=== Recorded data ===
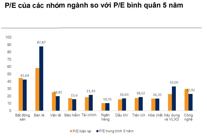 Về định giá các nhóm ngành, P/E của ngành Bán lẻ hiện đang giao dịch thấp hơn đáng kể so với mức trung bình 5 năm là 87,87 lần. Cùng với triển vọng tăng trưởng chậm hơn dự báo cho năm 2025, thị trường đã có xu hướng thận trọng hơn đối với ngành này.
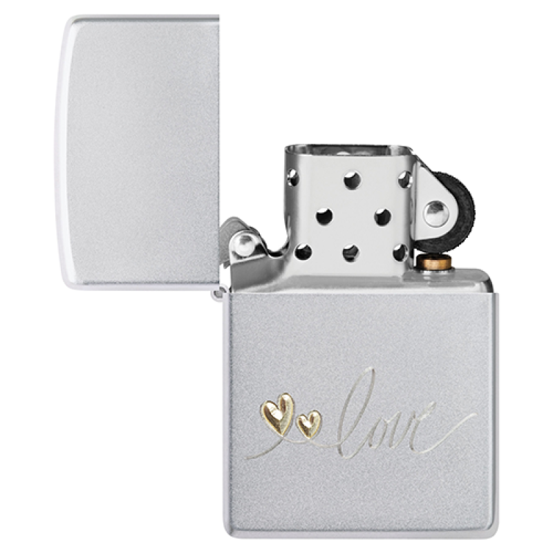 Зажигалка Zippo 48725 Love Design Satin Chrome™ — романтичный дизайн на матовом хроме
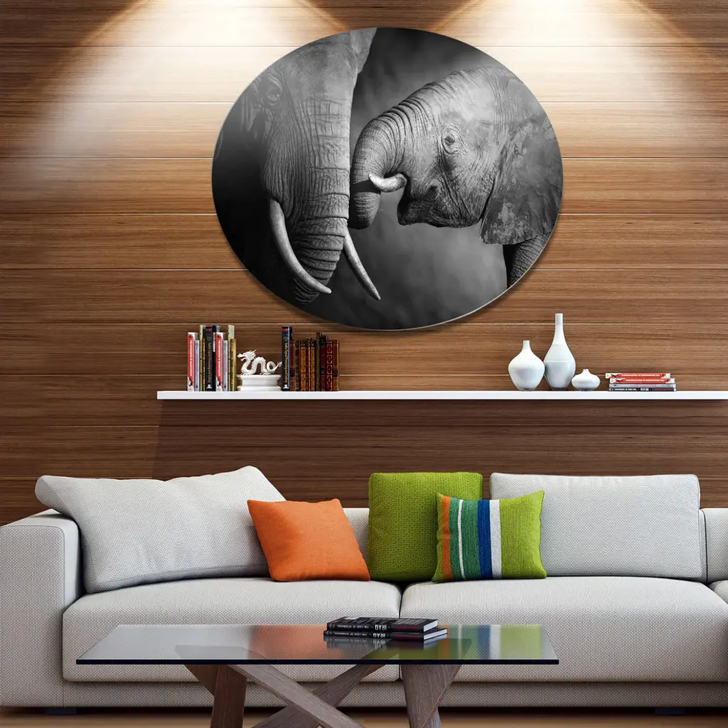 Bring Contemporary Abstraction to your home with this large Circle Metal wall art. This Elephants Showing Affection Metal Artwork makes it the focal point of any room or office. - White Gloss Coating ensures colors are extra vibrant with light reflection.- Aluminum grade Sheet Metal with 1 inch mounting frame on the back giving the illusion that the artwork is floating on the wall..- Mounting Brackets are included along with instructions.- High Quality Digital images are created directly into a glossy aluminum panel producing a stunning and captivating print into the glossy finish of the metal.- Water, Fire and Scratch resistant HD Aluminum panels.- Looks better than any photo paper and guaranteed to last at least 20 years- Easy to clean with a microfiber cloth. Colors are far superior to regular Canvas Art. - Easy to Hang
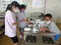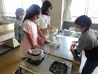ガスこんろのつけ方を学び、お湯を沸かして、
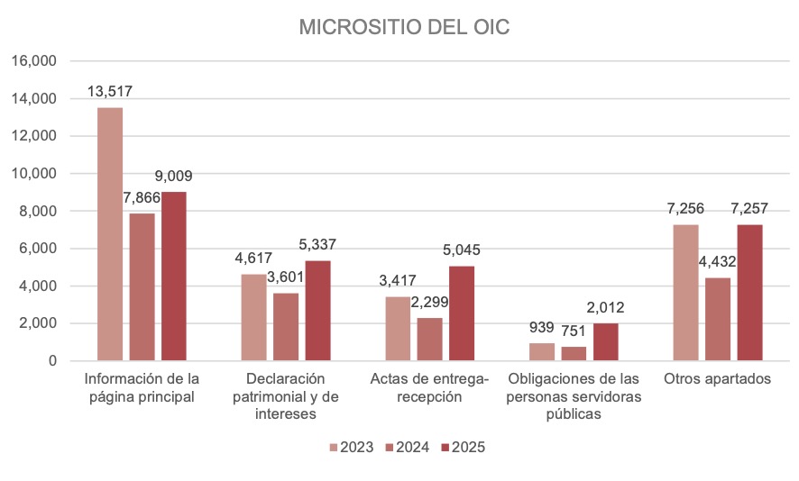 Durante el periodo que se reporta, el Micrositio del OIC acumuló un total de 28,660 visitas en los temas que se presentan a continuación:
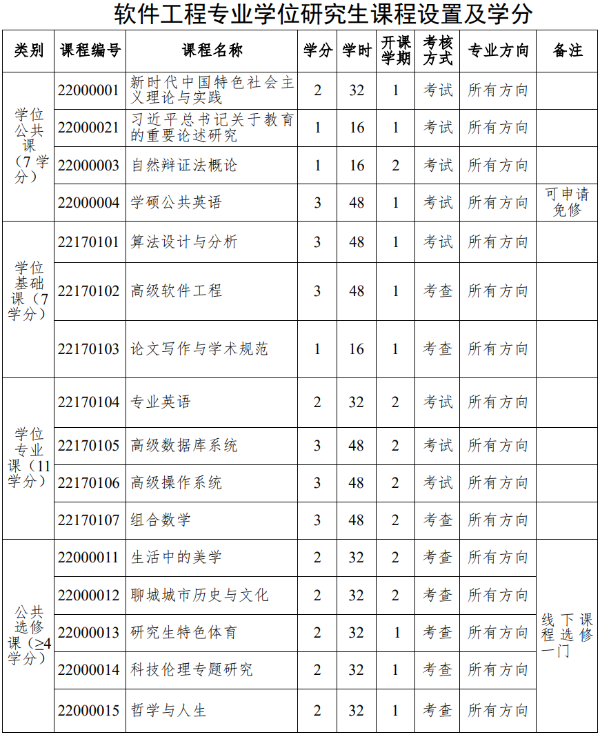 软件工程学术学位研究生应修总学分不少于 38 学分,其中学位必修学分不少于25 学分、公共选修学分不少于 4 学分、培养环节必修学分不少于 3 学分。
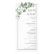 Este programa de cerimônia floral de núpcias e cerimônias de cerimônia floral do ORÇAMENTO apresenta um ramo de eucalipto enfeitiçado com flores brancas e folhas verdes de sábio no canto superior esquerdo. Os nomes dos casais são exibidos elegantemente em letras decorativas, e uma fina borda preta enquadra todo o design.
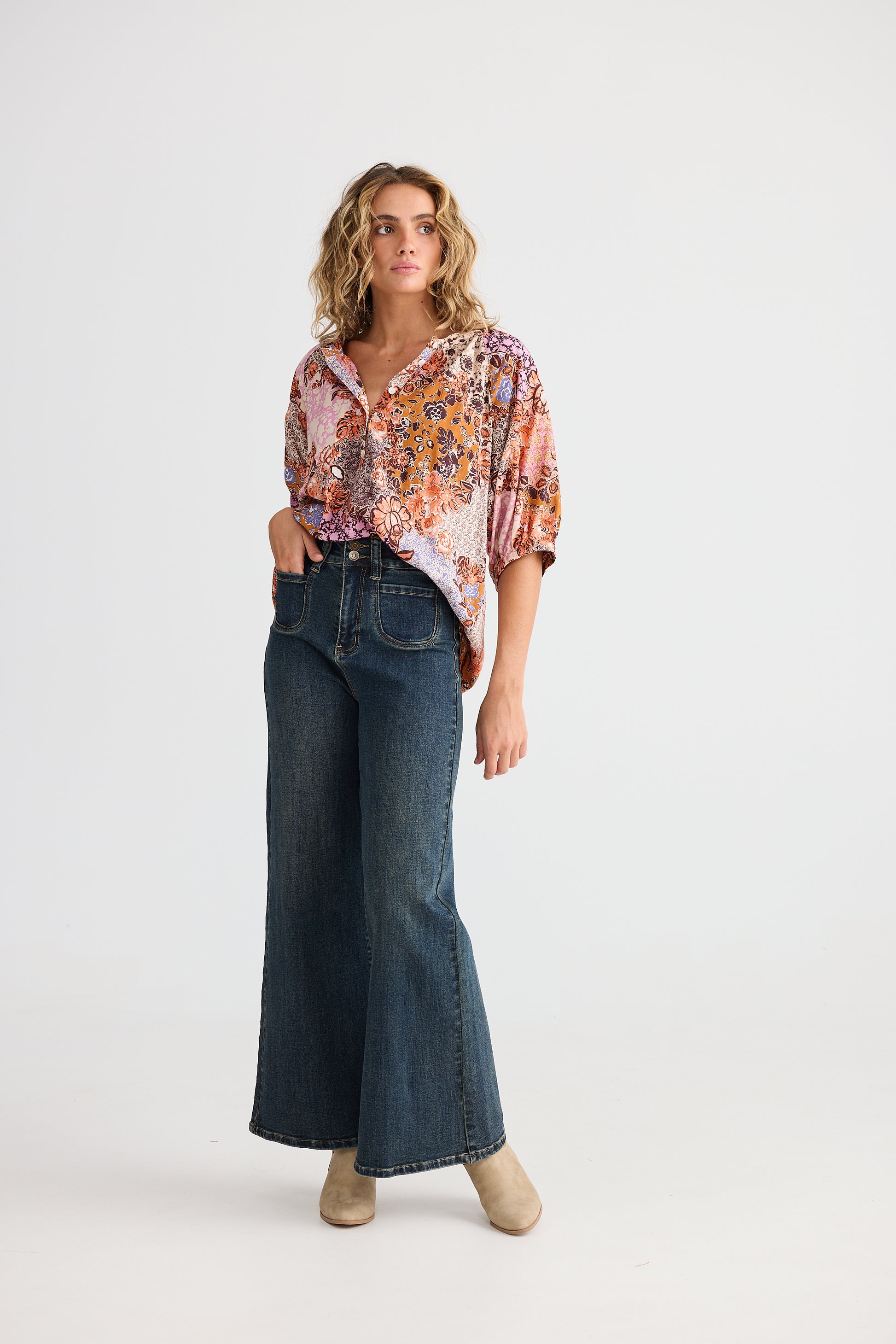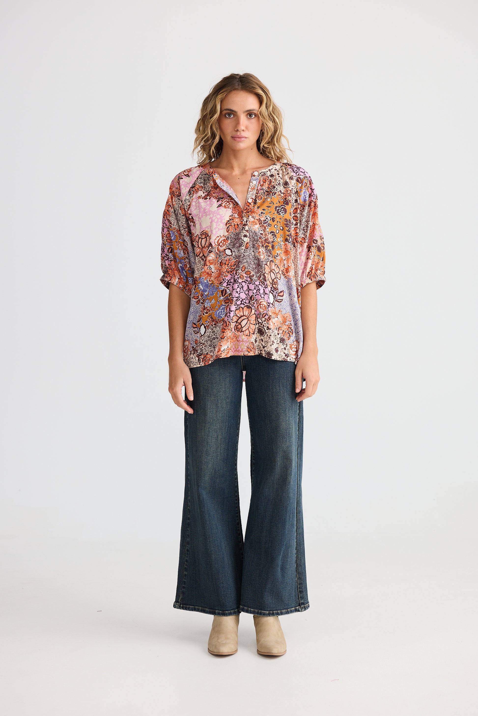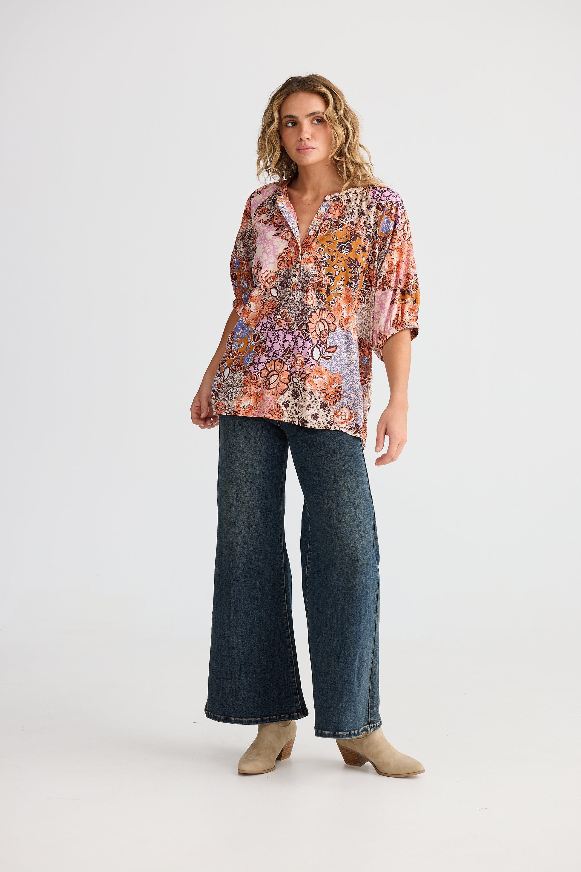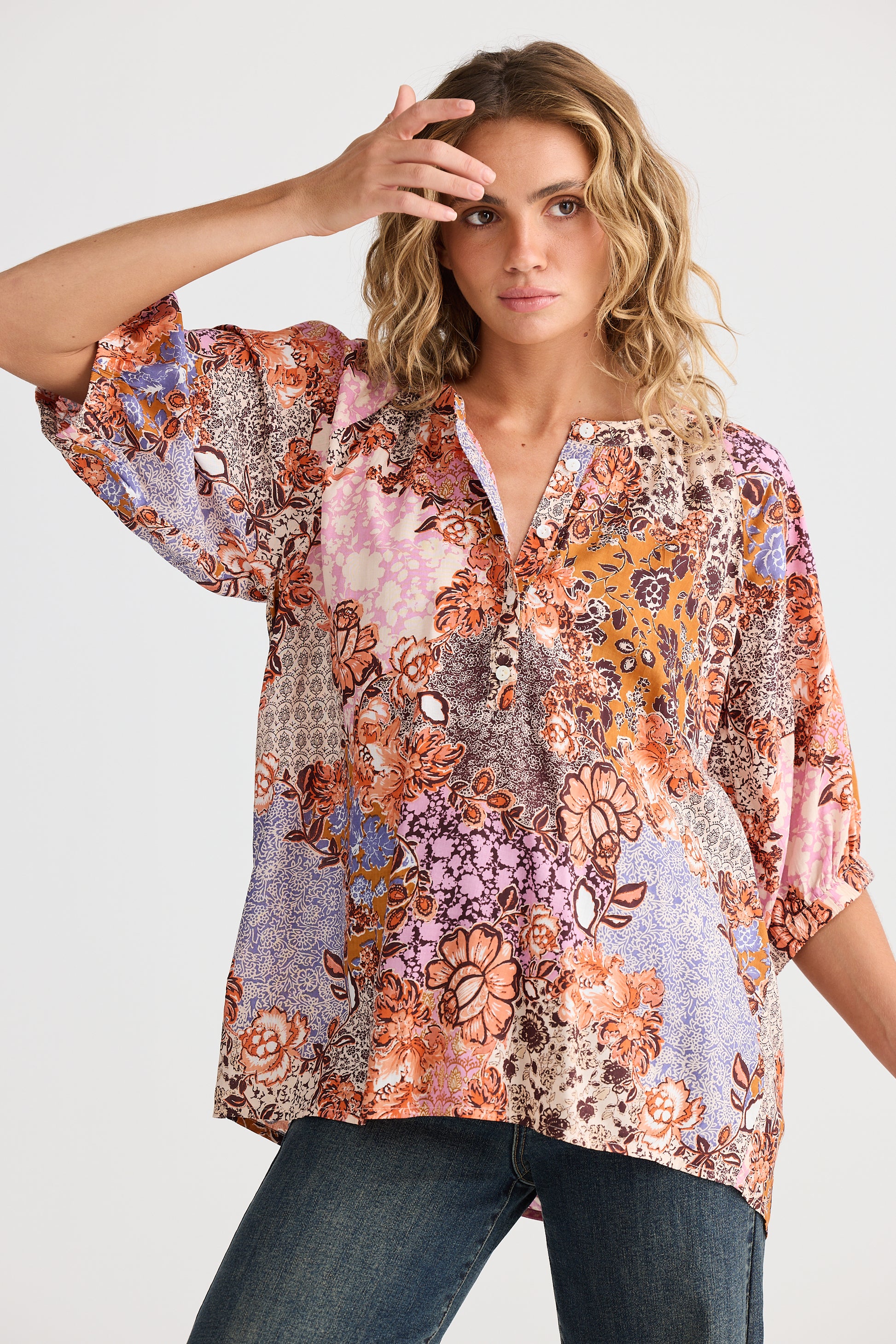 Effortless and feminine, the Rodeo Top in Dream Weaver brings a relaxed sophistication to your everyday wardrobe. Featuring a round neckline with a soft band collar and a flattering A-line shape, this blouse drapes beautifully with mid-length elasticated sleeves for added comfort and ease. The standout Dream Weaver print—a patchwork of soft pinks, earthy oranges, and romantic florals—adds a touch of bohemian flair to any look. Pair it with jeans for a casual day out or dress it up with a maxi skirt for a breezy, boho-chic vibe.
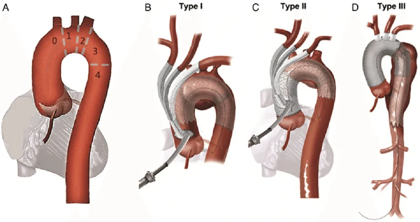 - Endovasküler: Stent-greft, yerleştirilen yapay Dacron greftin (yeni Zone 0) içine oturtulur.
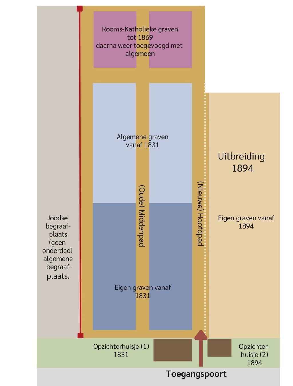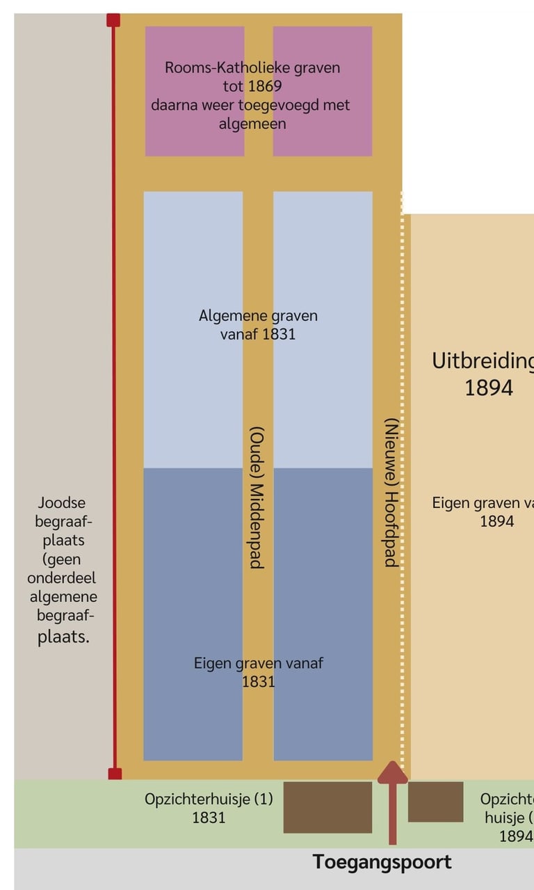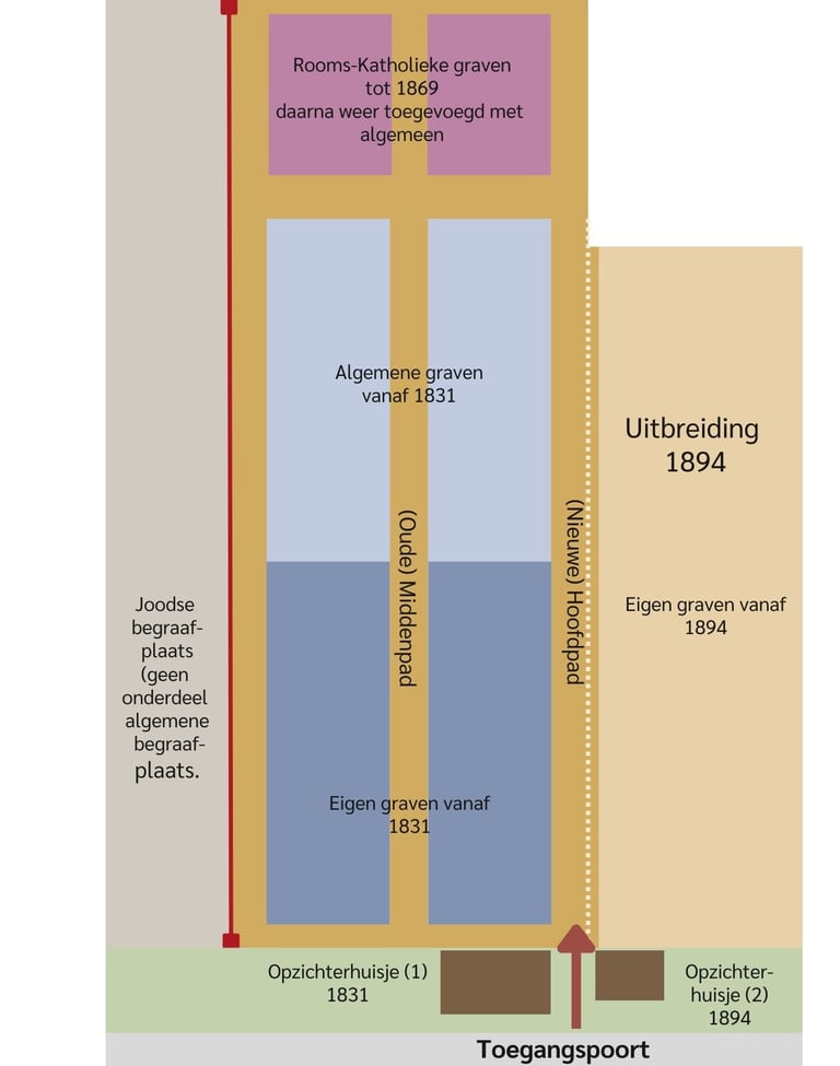 Het huidige hoofdpad tussen de twee begraafplaatswoningen achter het gietijzeren hek was bij de eerste aanleg van de begraafplaats de buitenzijde van het oudste grafveld. Langs dit huidige hoofdpad is de nummering van de graven op de granieten grafnummerstenen heel duidelijk te zien. De indeling van de begraafplaats is uiterst simpel. Een middenpad vanaf het toegangshek deelt de begraafplaats in twee helften. Aan de linkerkant (nummers 1 tot en met 3100) ligt het oudste gedeelte, het rechterdeel (vanaf nummer 3101) is in 1894 aangelegd.

=== Task to complete ===
Leaving every picture out, return the lines from the one containing "Durante el periodo" through the last line of the records exactly.

=== Result ===
 Durante el periodo que se reporta, el Micrositio del OIC acumuló un total de 28,660 visitas en los temas que se presentan a continuación:
 软件工程学术学位研究生应修总学分不少于 38 学分,其中学位必修学分不少于25 学分、公共选修学分不少于 4 学分、培养环节必修学分不少于 3 学分。
 Este programa de cerimônia floral de núpcias e cerimônias de cerimônia floral do ORÇAMENTO apresenta um ramo de eucalipto enfeitiçado com flores brancas e folhas verdes de sábio no canto superior esquerdo. Os nomes dos casais são exibidos elegantemente em letras decorativas, e uma fina borda preta enquadra todo o design.
 Effortless and feminine, the Rodeo Top in Dream Weaver brings a relaxed sophistication to your everyday wardrobe. Featuring a round neckline with a soft band collar and a flattering A-line shape, this blouse drapes beautifully with mid-length elasticated sleeves for added comfort and ease. The standout Dream Weaver print—a patchwork of soft pinks, earthy oranges, and romantic florals—adds a touch of bohemian flair to any look. Pair it with jeans for a casual day out or dress it up with a maxi skirt for a breezy, boho-chic vibe.
 - Endovasküler: Stent-greft, yerleştirilen yapay Dacron greftin (yeni Zone 0) içine oturtulur.
 Het huidige hoofdpad tussen de twee begraafplaatswoningen achter het gietijzeren hek was bij de eerste aanleg van de begraafplaats de buitenzijde van het oudste grafveld. Langs dit huidige hoofdpad is de nummering van de graven op de granieten grafnummerstenen heel duidelijk te zien. De indeling van de begraafplaats is uiterst simpel. Een middenpad vanaf het toegangshek deelt de begraafplaats in twee helften. Aan de linkerkant (nummers 1 tot en met 3100) ligt het oudste gedeelte, het rechterdeel (vanaf nummer 3101) is in 1894 aangelegd.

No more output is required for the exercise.